DISORDER IN THE COURT

4. 🔥🐟🥔What former tennis star...

(1) might not remember to show up for a match?

(2) might like fly fishing in the Shenandoah Valley?

(3) should work for UPS? 

(4) might be a couch potato?

(5) might be dangerous in the water?

(6) might put aromatic blossoms on his fence? 

Hint: Except for the first, they are all in the International Tennis Hall of Fame. 

POETRY CORNER, WITH ANNA GRAHAM

5. 🎕Fill in the blanks with words that are anagrams of one another to complete the verse.

She _____ the _____ she _____ from gardens
lush,

The cheeks upon her _____ frame shyly blush,

Should any _____ seek to _____ this verse,

Let vengeance’s _____ dispatch them for the worse.

MENU

Period Piece Hors d’Oeuvre:

Fight or Flight?

Write a pair of two-word captions for the two illustrations that accompany the text of this puzzle. 

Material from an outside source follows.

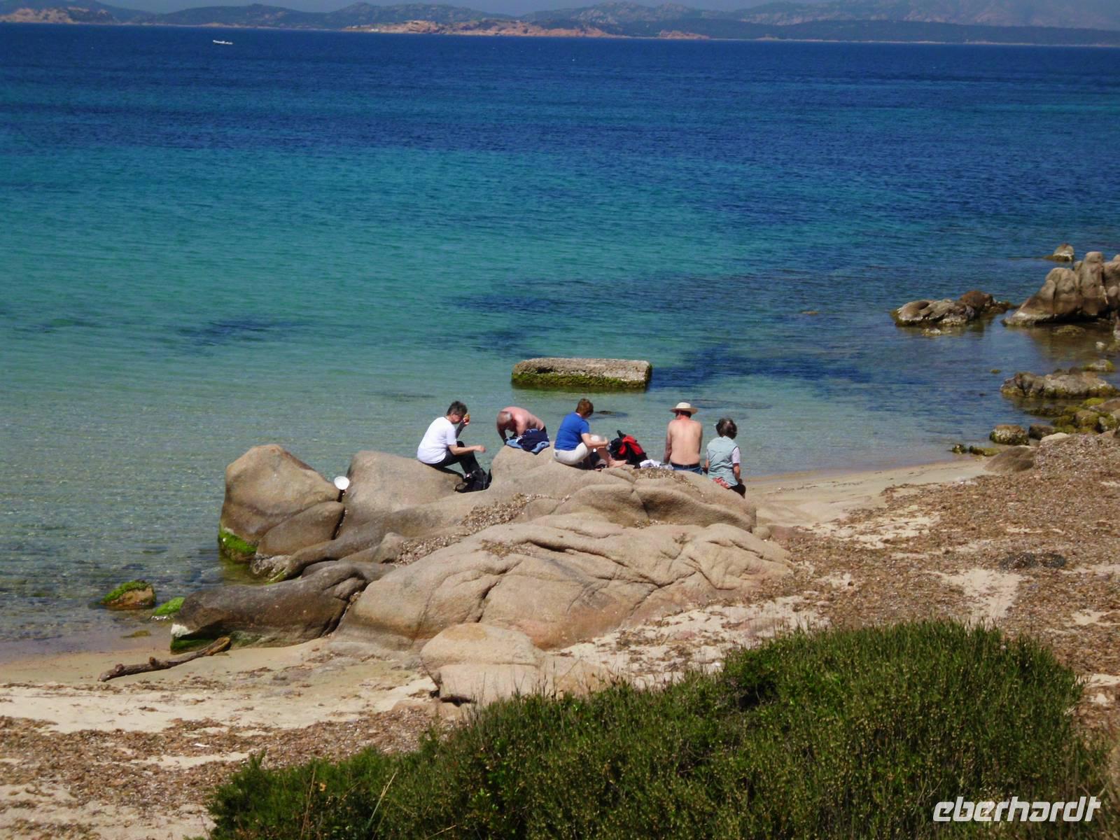 Wohl mit einer der schönsten Ausflüge erwartet uns gleich zu Beginn der Reise und mit ihnen Rainer und Rebecca, unsere beiden Reiseleiter. Beide im weitesten Sinne „einheimisch" und gut drauf. Der Beruf ist schon lange ihr Hobby, das merkt man. Wir verabschieden die Wandergruppe kurz nach dem Bergdorf San Pantaleo und besuchen als erstes Porto Rotondo einen hübschen Ort an der Costa Smeralda. Wir genießen die Sonne, die schöne Natur und das ruhige Flair der Vorsaison. Weiter geht es an die Baia Sardinia, wohl einer der schönsten Strände, glasklares Wasser in verschiedenen Schattierungen und Ruhe pur. Es bleibt viel Zeit zum Mittagessen, Strandbummeln und Genießen. Auch Porto Cervo müssen wir gesehen haben, ein Ort der Reichen, eigentlich ein Consoritum welches auf Initiative von Aga Khan 1960 gegründet wurde. Wie wir feststellen, nicht unbedingt schön, aber es ist eine eigene kleine Welt für eine bestimmte Schicht Leute, und von den Sarden mit strengen Auflagen bedacht. Reiseleiter Rainer schildert recht eindrucksvoll und vielleicht auch übertrieben, was Porto Cervo für die Einheimischen bedeutet. Aber vielleicht versteht man es auch nur so. Zu groß sind die Gegensätze zwischen dieser reichen Region und den Sarden, als dass man darüber froh sein könnte. Wie Rainer meint, hat Geld und Reichtum die Menschen dort schon „grazy" gemacht.

Interchange the initial consonants in either one of the captions to spell the two words in the other caption. One of the words in one of the captions is an abbreviation (as you can tell by the period.)

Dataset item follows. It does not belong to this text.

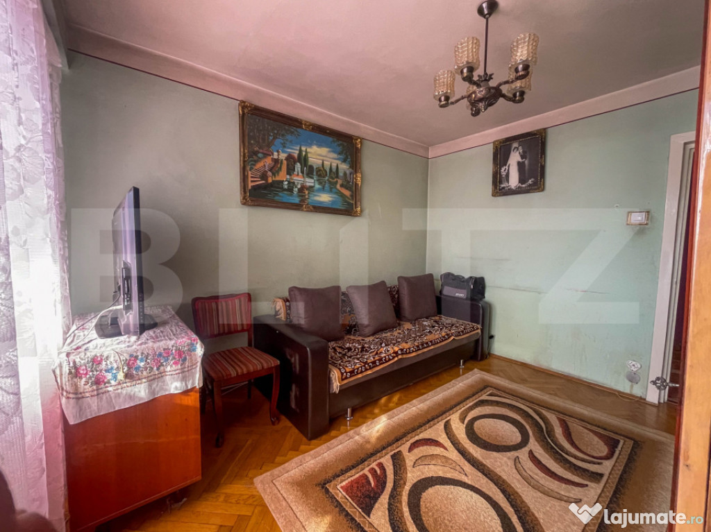 Un apartament cu potențial excelent, amplasat într-o zonă centrală, perfect pentru a fi amenajat după propriul gust și transformat într-un cămin modern sau într-o investiție sigură.

What are these two captions?

Hint: 17 and 39

National Public Rascoe Slice:

AlphaBeethoven-Baked Puzzle-Poem

Take the Ninth, take the Fifth, the Fifth turned on its head,

Drop a “double-u sound,” like a bug from a bed...

But Beethoven? No! You ’ll get ______ instead!

Fill in the blank. It contains six letters (and three syllables).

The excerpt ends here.